Task to carry out
Each line below is to be repeated exactly; any picture is to be left out.

Data entries
+-------+
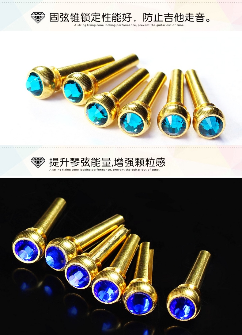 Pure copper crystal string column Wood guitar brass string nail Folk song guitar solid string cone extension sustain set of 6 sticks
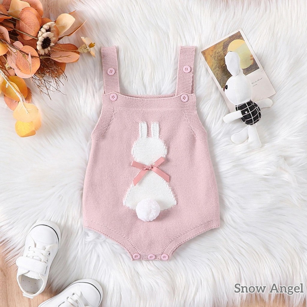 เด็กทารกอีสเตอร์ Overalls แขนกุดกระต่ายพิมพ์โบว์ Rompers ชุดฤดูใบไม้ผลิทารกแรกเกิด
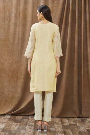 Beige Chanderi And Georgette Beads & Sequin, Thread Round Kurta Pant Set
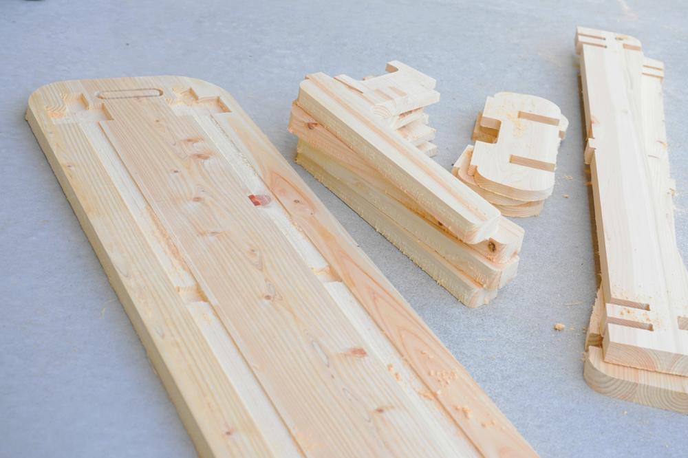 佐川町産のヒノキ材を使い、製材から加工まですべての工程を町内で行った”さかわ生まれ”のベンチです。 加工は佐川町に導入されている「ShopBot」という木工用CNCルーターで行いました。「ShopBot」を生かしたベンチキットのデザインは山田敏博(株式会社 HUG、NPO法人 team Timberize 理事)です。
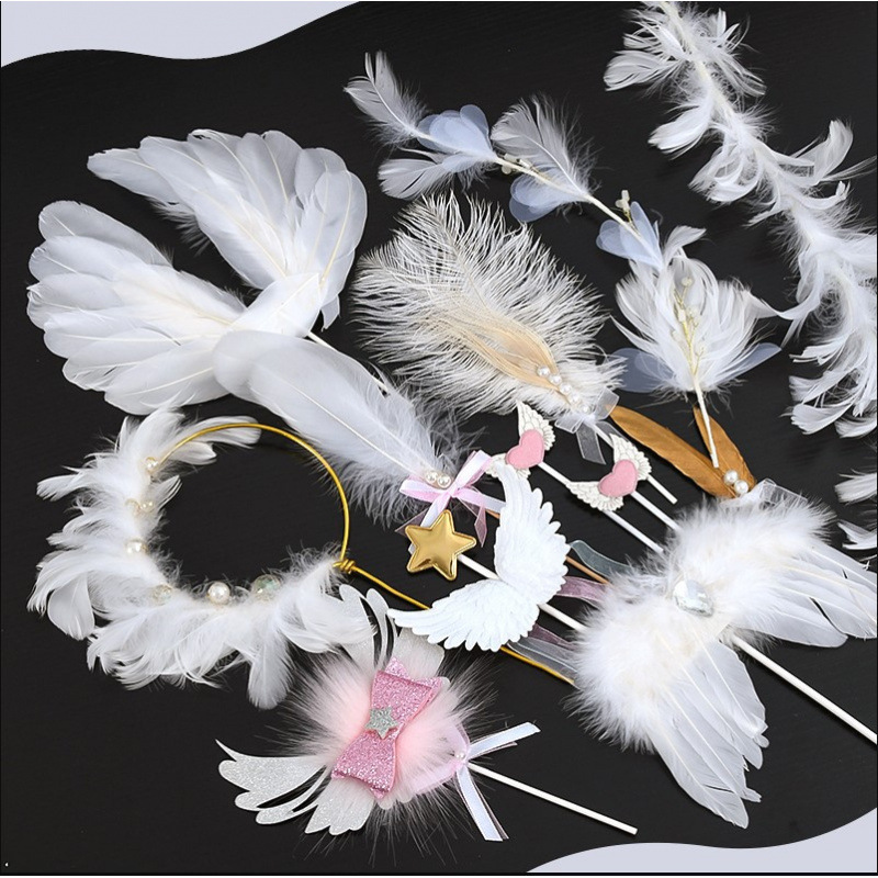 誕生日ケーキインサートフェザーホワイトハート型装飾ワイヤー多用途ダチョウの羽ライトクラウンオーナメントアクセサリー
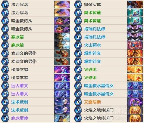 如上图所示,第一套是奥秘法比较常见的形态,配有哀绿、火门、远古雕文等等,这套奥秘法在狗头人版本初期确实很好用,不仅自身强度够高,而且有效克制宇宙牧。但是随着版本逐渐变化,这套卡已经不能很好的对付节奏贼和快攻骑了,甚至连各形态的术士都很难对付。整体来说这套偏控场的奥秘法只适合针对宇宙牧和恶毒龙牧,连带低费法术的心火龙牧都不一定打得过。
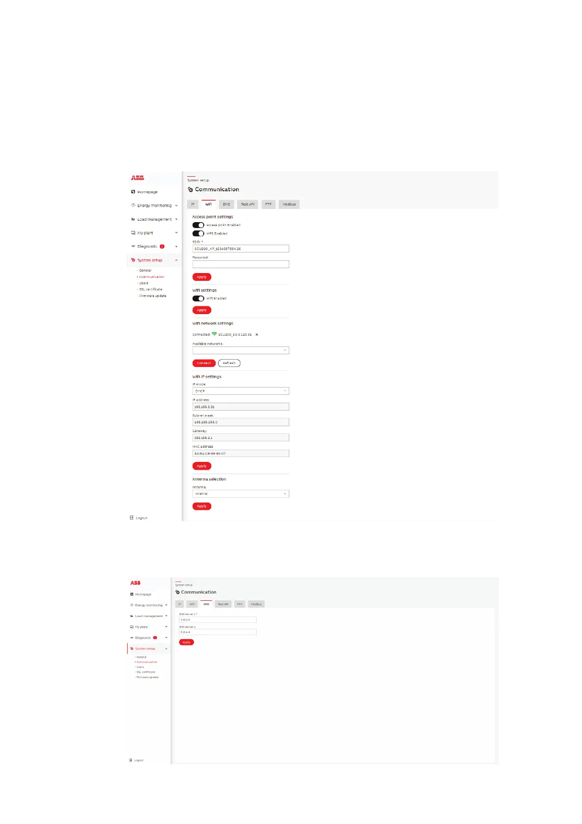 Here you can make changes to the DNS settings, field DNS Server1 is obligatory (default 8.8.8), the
+-------+
Answer area
 Pure copper crystal string column Wood guitar brass string nail Folk song guitar solid string cone extension sustain set of 6 sticks
 เด็กทารกอีสเตอร์ Overalls แขนกุดกระต่ายพิมพ์โบว์ Rompers ชุดฤดูใบไม้ผลิทารกแรกเกิด
 Beige Chanderi And Georgette Beads & Sequin, Thread Round Kurta Pant Set
 佐川町産のヒノキ材を使い、製材から加工まですべての工程を町内で行った”さかわ生まれ”のベンチです。 加工は佐川町に導入されている「ShopBot」という木工用CNCルーターで行いました。「ShopBot」を生かしたベンチキットのデザインは山田敏博(株式会社 HUG、NPO法人 team Timberize 理事)です。
 誕生日ケーキインサートフェザーホワイトハート型装飾ワイヤー多用途ダチョウの羽ライトクラウンオーナメントアクセサリー
 如上图所示,第一套是奥秘法比较常见的形态,配有哀绿、火门、远古雕文等等,这套奥秘法在狗头人版本初期确实很好用,不仅自身强度够高,而且有效克制宇宙牧。但是随着版本逐渐变化,这套卡已经不能很好的对付节奏贼和快攻骑了,甚至连各形态的术士都很难对付。整体来说这套偏控场的奥秘法只适合针对宇宙牧和恶毒龙牧,连带低费法术的心火龙牧都不一定打得过。
 Here you can make changes to the DNS settings, field DNS Server1 is obligatory (default 8.8.8), the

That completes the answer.